── LISTED RECORDS ──
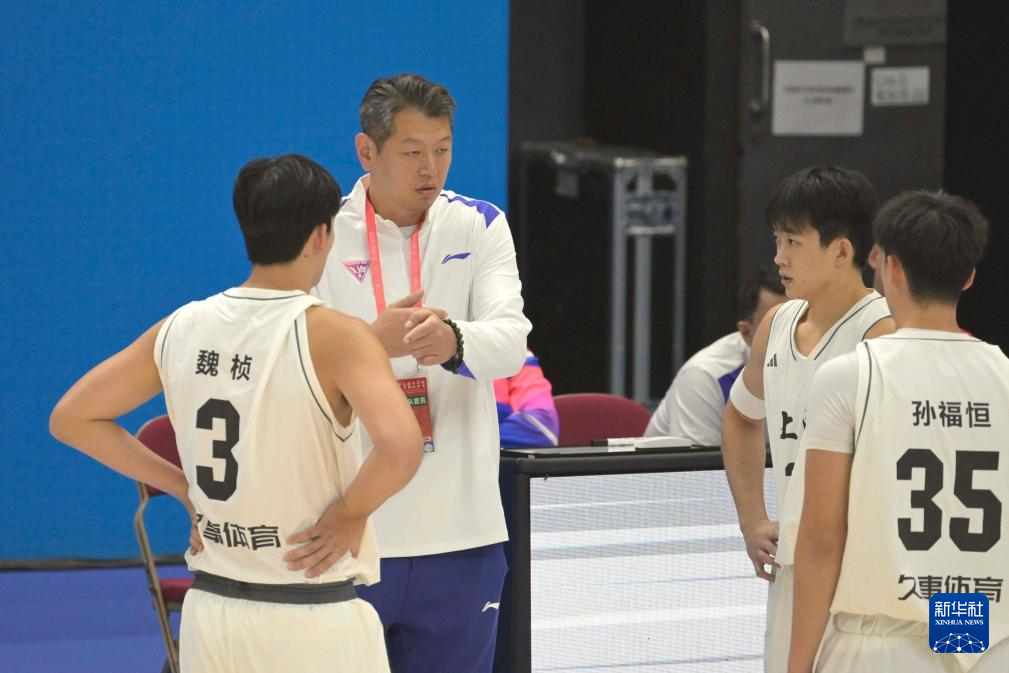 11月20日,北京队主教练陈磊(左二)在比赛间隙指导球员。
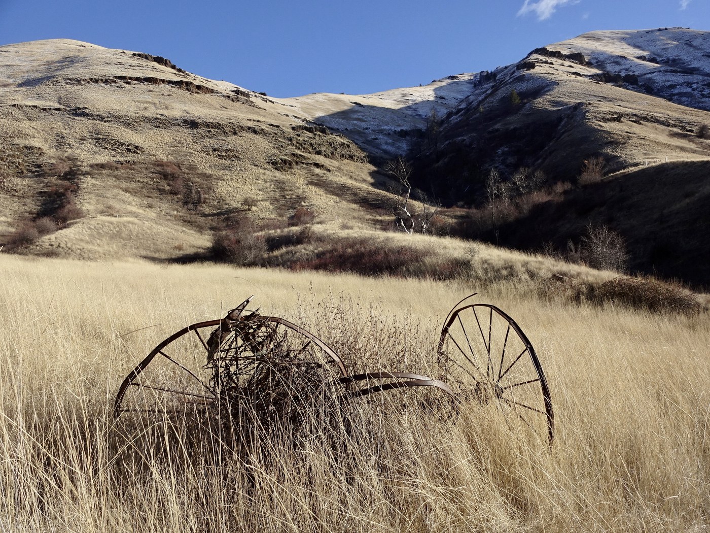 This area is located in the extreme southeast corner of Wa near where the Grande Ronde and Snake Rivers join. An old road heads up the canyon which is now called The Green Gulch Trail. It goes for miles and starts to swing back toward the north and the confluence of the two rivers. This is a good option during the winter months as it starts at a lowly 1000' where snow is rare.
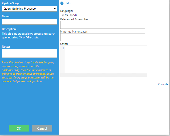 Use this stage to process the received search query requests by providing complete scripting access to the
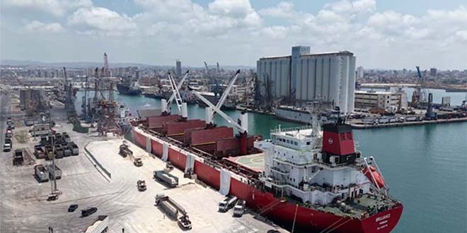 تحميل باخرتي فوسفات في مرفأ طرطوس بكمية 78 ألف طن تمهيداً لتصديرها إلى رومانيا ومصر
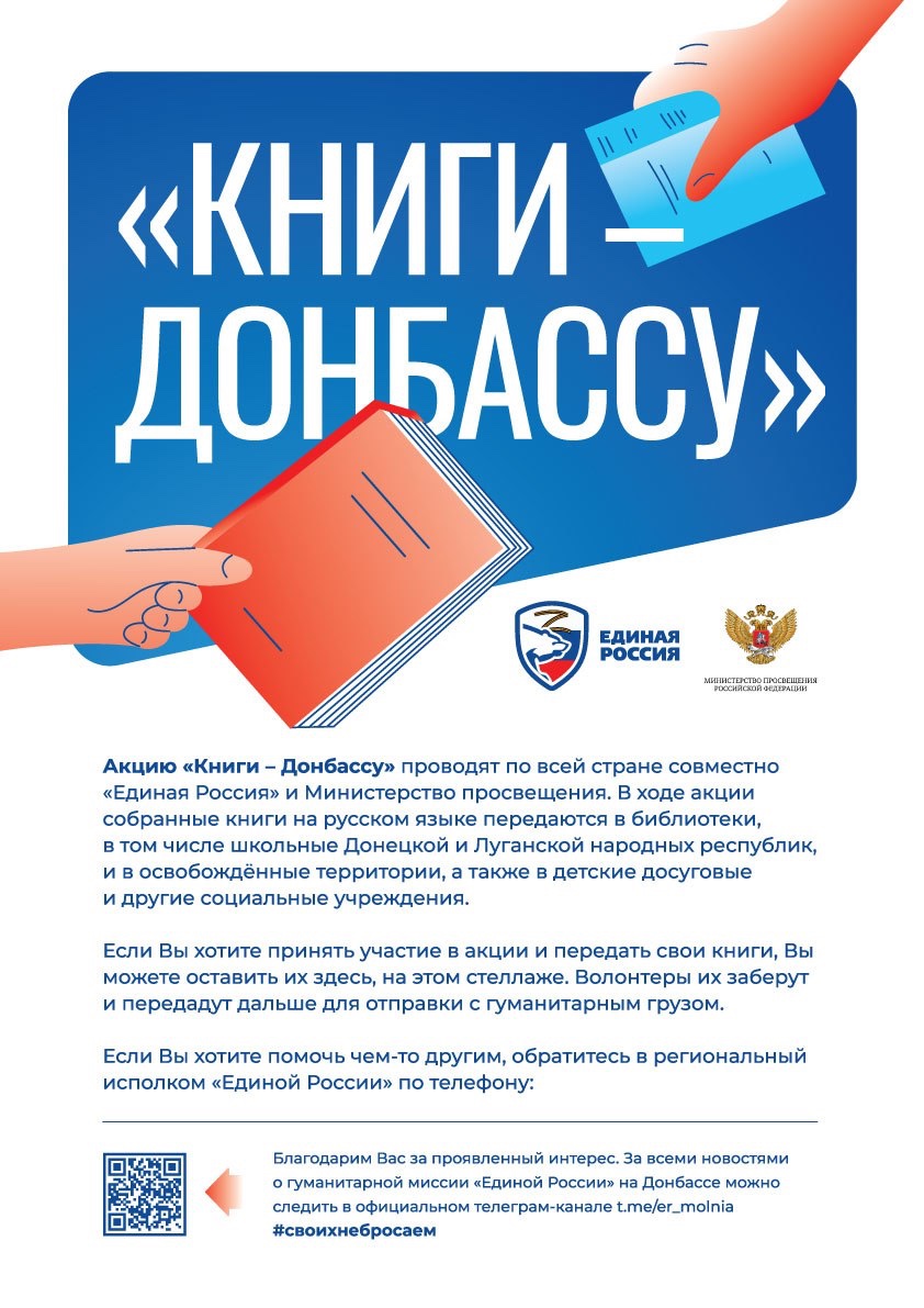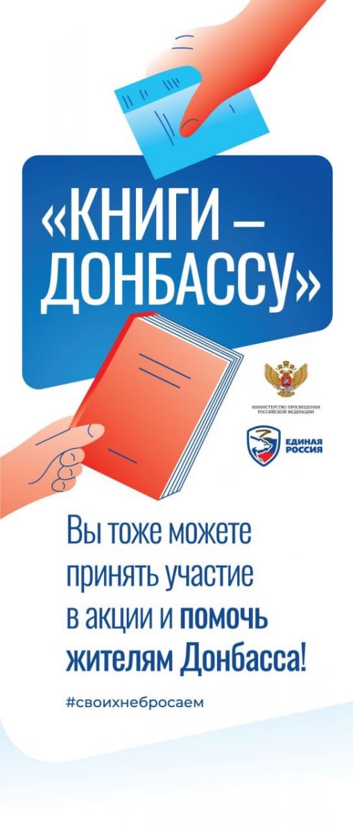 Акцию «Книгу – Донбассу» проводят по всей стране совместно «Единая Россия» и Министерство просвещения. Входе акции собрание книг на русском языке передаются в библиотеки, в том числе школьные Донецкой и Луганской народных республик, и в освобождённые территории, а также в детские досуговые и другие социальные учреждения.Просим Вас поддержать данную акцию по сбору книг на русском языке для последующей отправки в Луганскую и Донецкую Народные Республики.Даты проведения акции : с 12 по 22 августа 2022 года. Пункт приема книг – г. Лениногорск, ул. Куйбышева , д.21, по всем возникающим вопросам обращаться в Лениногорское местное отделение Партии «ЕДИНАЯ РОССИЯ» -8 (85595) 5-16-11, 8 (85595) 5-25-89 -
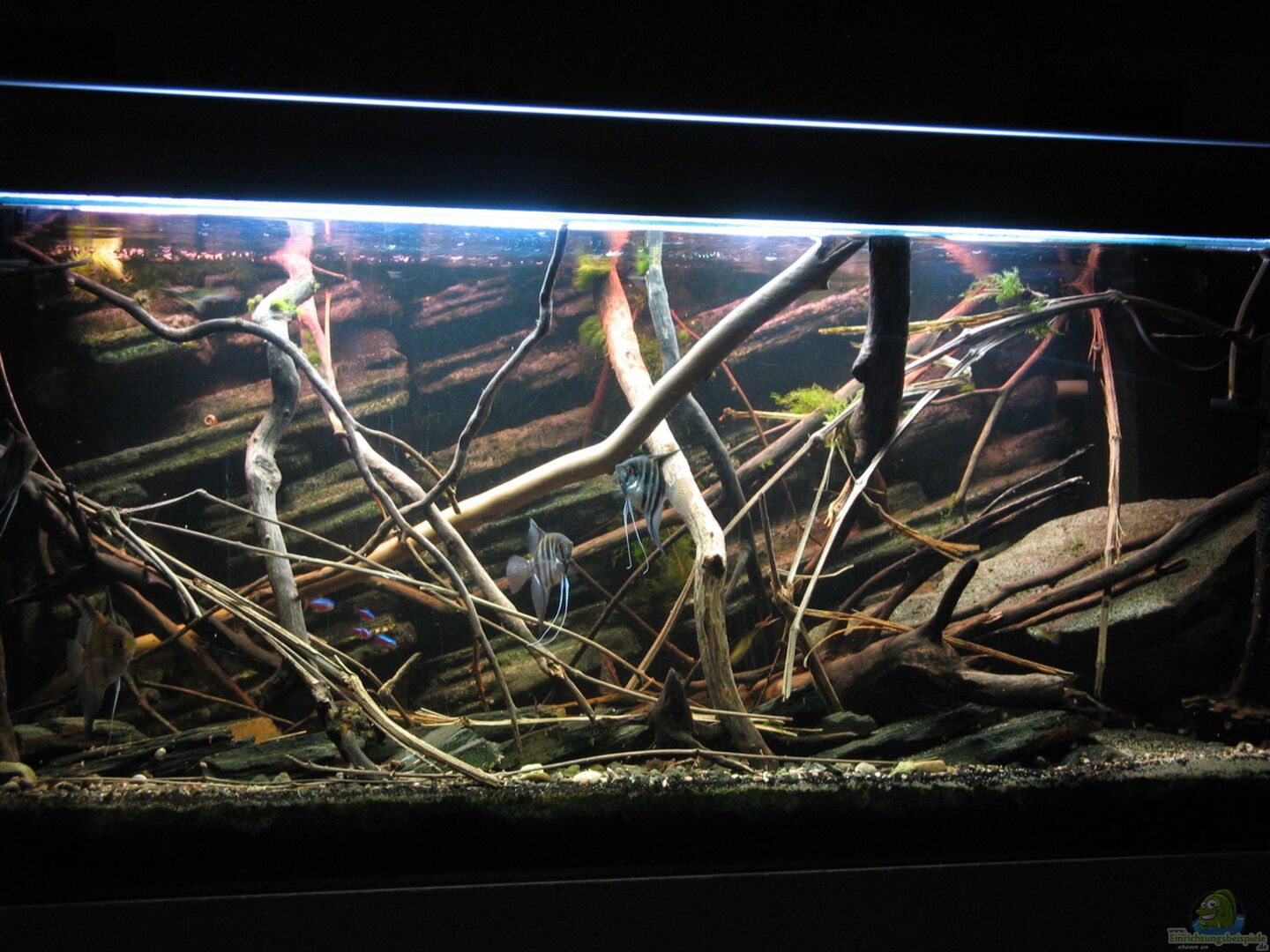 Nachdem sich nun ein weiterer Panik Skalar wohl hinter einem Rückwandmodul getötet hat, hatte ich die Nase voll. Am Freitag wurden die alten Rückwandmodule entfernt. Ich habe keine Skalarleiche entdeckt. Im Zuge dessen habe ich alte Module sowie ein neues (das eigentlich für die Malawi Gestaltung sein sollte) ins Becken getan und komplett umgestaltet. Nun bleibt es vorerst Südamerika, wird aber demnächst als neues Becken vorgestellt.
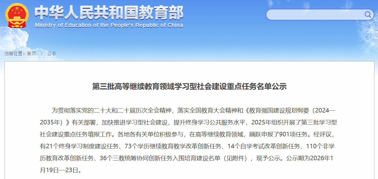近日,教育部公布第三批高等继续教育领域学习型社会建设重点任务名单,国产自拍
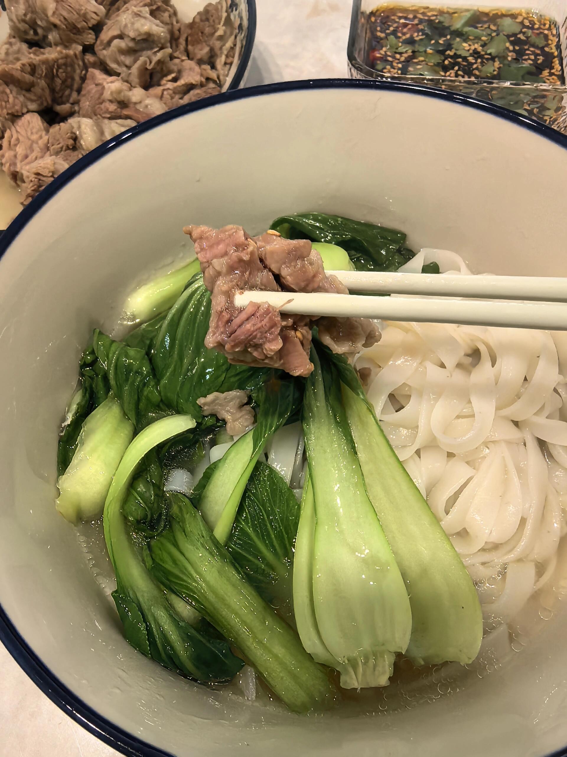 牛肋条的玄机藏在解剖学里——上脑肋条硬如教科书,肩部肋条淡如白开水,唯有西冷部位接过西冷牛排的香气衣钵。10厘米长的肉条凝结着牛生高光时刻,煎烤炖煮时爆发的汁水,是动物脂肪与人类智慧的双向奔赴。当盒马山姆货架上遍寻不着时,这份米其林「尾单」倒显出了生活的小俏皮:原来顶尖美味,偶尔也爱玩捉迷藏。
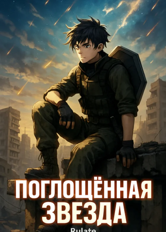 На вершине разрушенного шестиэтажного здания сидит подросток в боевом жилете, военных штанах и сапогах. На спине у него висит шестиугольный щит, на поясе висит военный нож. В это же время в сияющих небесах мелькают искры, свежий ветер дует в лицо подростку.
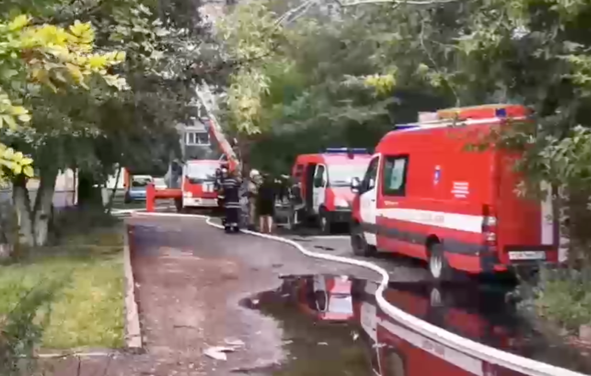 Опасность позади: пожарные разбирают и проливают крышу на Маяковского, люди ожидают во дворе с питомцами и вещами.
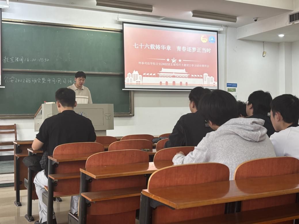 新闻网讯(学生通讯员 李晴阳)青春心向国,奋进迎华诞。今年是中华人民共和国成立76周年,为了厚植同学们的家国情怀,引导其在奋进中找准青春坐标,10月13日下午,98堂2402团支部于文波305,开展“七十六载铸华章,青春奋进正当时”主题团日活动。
───
WHAT YOU HAVE TO DO:
Only the lines starting at the one that includes "Use this stage" and ending at the one that includes "На вершине разрушенного" should be retyped, exactly, from the records above; no pictures.

TASK RESPONSE:
 Use this stage to process the received search query requests by providing complete scripting access to the
 تحميل باخرتي فوسفات في مرفأ طرطوس بكمية 78 ألف طن تمهيداً لتصديرها إلى رومانيا ومصر
 Акцию «Книгу – Донбассу» проводят по всей стране совместно «Единая Россия» и Министерство просвещения. Входе акции собрание книг на русском языке передаются в библиотеки, в том числе школьные Донецкой и Луганской народных республик, и в освобождённые территории, а также в детские досуговые и другие социальные учреждения.Просим Вас поддержать данную акцию по сбору книг на русском языке для последующей отправки в Луганскую и Донецкую Народные Республики.Даты проведения акции : с 12 по 22 августа 2022 года. Пункт приема книг – г. Лениногорск, ул. Куйбышева , д.21, по всем возникающим вопросам обращаться в Лениногорское местное отделение Партии «ЕДИНАЯ РОССИЯ» -8 (85595) 5-16-11, 8 (85595) 5-25-89 -
 Nachdem sich nun ein weiterer Panik Skalar wohl hinter einem Rückwandmodul getötet hat, hatte ich die Nase voll. Am Freitag wurden die alten Rückwandmodule entfernt. Ich habe keine Skalarleiche entdeckt. Im Zuge dessen habe ich alte Module sowie ein neues (das eigentlich für die Malawi Gestaltung sein sollte) ins Becken getan und komplett umgestaltet. Nun bleibt es vorerst Südamerika, wird aber demnächst als neues Becken vorgestellt.
近日,教育部公布第三批高等继续教育领域学习型社会建设重点任务名单,国产自拍
 牛肋条的玄机藏在解剖学里——上脑肋条硬如教科书,肩部肋条淡如白开水,唯有西冷部位接过西冷牛排的香气衣钵。10厘米长的肉条凝结着牛生高光时刻,煎烤炖煮时爆发的汁水,是动物脂肪与人类智慧的双向奔赴。当盒马山姆货架上遍寻不着时,这份米其林「尾单」倒显出了生活的小俏皮:原来顶尖美味,偶尔也爱玩捉迷藏。
 На вершине разрушенного шестиэтажного здания сидит подросток в боевом жилете, военных штанах и сапогах. На спине у него висит шестиугольный щит, на поясе висит военный нож. В это же время в сияющих небесах мелькают искры, свежий ветер дует в лицо подростку.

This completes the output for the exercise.